At any rate, it’s located about a 10 minute walk down the main street from the Shinkansen. We arrived about lunch time figuring that there’d be plenty fo food options along that 10 minute walk. Right we were. We decided to veer off onto a side street where a retail arcade was as there’s always cheap delicious food options a plenty in retail arcades. Instead of eating at one of those establishments we wandered into a typical hole-in-the-wall Japanese staple, their alter-ego of Chicago’s taquerias. We filled ourselves with Ramen Noodles.

This was a very typical ma and pa ramen shop that you find everywhere in Japan. You walk in and are greeted by ma and pa themselves, “Irrashaemase!” There’s a vending-like machine near the door with the menu on it. It basically consists of a few different Ramen broths with a handful of different additions to choose if you so desire. Put your money in, press the buttons for what you want, and out comes your little order ticket.

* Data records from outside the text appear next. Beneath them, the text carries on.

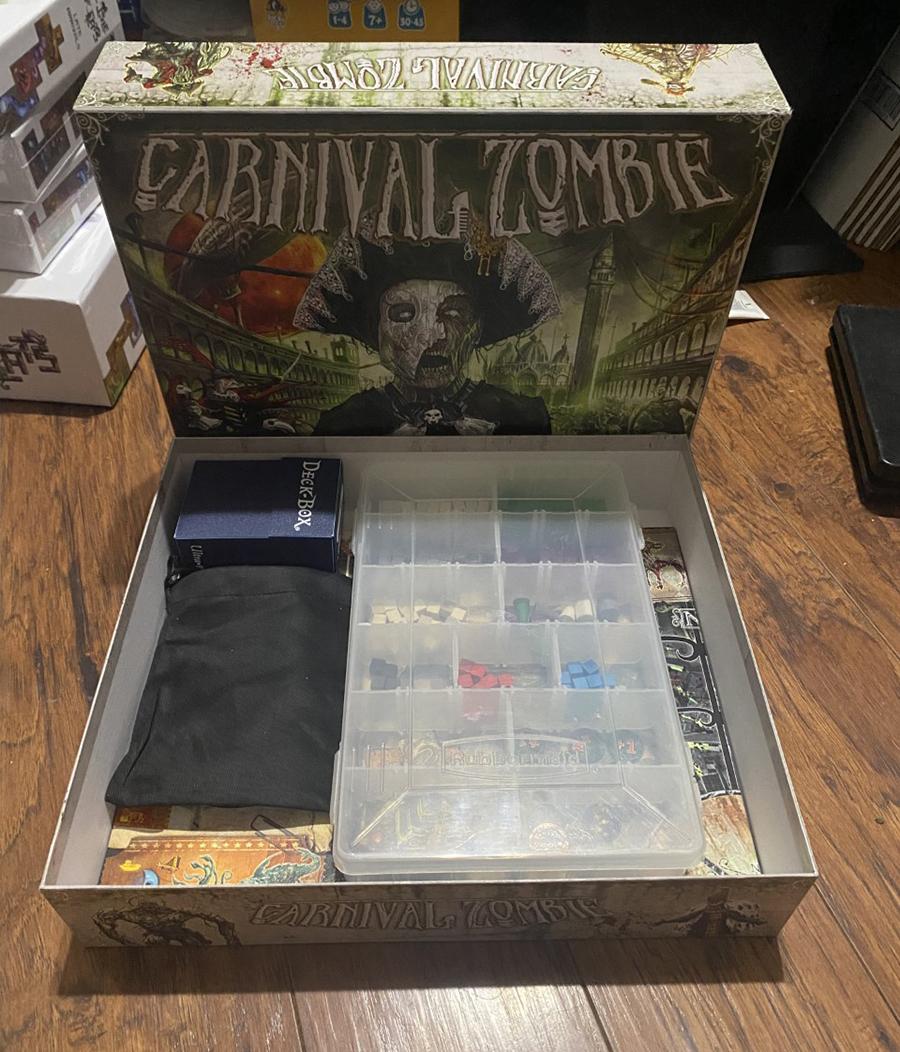 This listing is for an unplayed copy of the first edition of Carnival Zombie. It includes a Rubbermaid tackle box (as pictured) and a deck box to store the cards. Min Bid: $20 Fundraiser Group: 2023 - Job Loss & Medical Bills Current bid: $42.00 Add new comment Comments Bid Amount: $30.00 reply Bid Amount: $40.00 reply Bid Amount: $42.00 reply Add new comment Your name * Please enter your first and last name so we can contact you if you are the high bidder. Only your first name and last initial will be publicly visible. E-mail * Please enter your email address. This will not be displayed on the website, and is only used for contacting the high bidder. Bid Amount * USDHow much you are bidding for the item, in US dollars. Comment
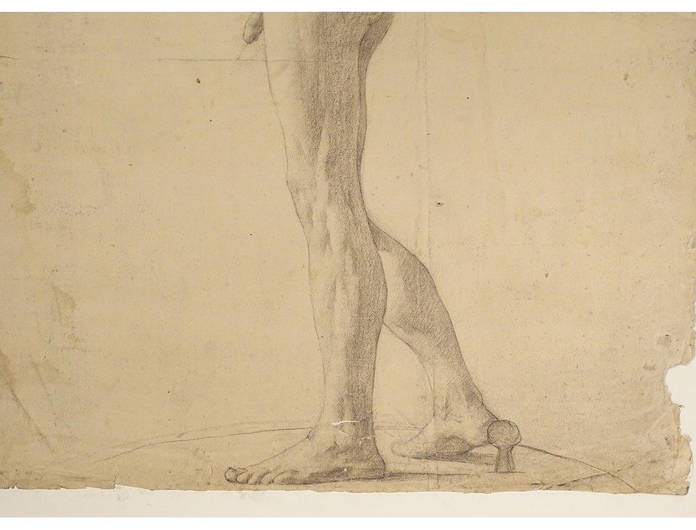 Naked man academy study pencil drawing signed Romieu XIXth century
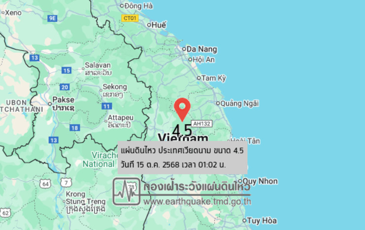 วันที่ 15 ต.ค. 2568 เวลา 01.02 น. กองเฝ้าระวังแผ่นดินไหว กรมอุตุนิยมวิทยา แจ้งเหตุแผ่นดินไหว ขนาด 4.5 ความลึก 10 กม. ภายในพื้นที่ของประเทศเวียดนาม (14.79°N,108.19°E) ศูนย์กลางห่างออกไปทางทิศตะวันออกเฉียงใต้ของ อ.เมือง จ.อุบลราชธานี ประมาณ 361 กม. ขณะนี้ยังไม่มีรายงานผลกระทบต่อประเทศไทย

Then, you walk in to see that there’s only 8-10 chairs along the bar. Grab a seat. Every few seats are trays of condiments, things like soy sauce, togarashi, toothpicks, boxes of tissue for the runny nose the hot ramen will give you. There’s also little spickets of hot water with tea cups and green tea for you to make as you like along with a cold water dispenser. Hand the ticket across the bar and ma and pa make your food.

I ordered the Bakabuta Ramen and Yuki got the Miso Ramen with mushrooms. Both were miso broth with loads of bean sprouts, bamboo shoots, green onions, and black woodear mushrooms. Both came with a slice of roasted pork. “Buta” in Japanese means pig, so mine had extra pork. Two big pieces of fall off the bone sweet fatty pork. Each bite coated your lips with fatty goodness. Yuki’s had extra woodear mushrooms as well as what I think were eryngii mushrooms. If I’m wrong Yuki will correct me after she reads this and I’ll correct the blog.

Since we both love pork and mushrooms we arranged a deal. I gave her some pork, she gave me a few more mushrooms. A fair trade I think.

It’s too bad that 25 cent packages of dried ramen noodles killed the idea here in America. A nice big bowl of fresh ramen like this is fast, cheap, filling but not overly heavy, and healthy. In fact, just thinking about it makes me crave some ramen. I think I’ll make some for dinner tonight.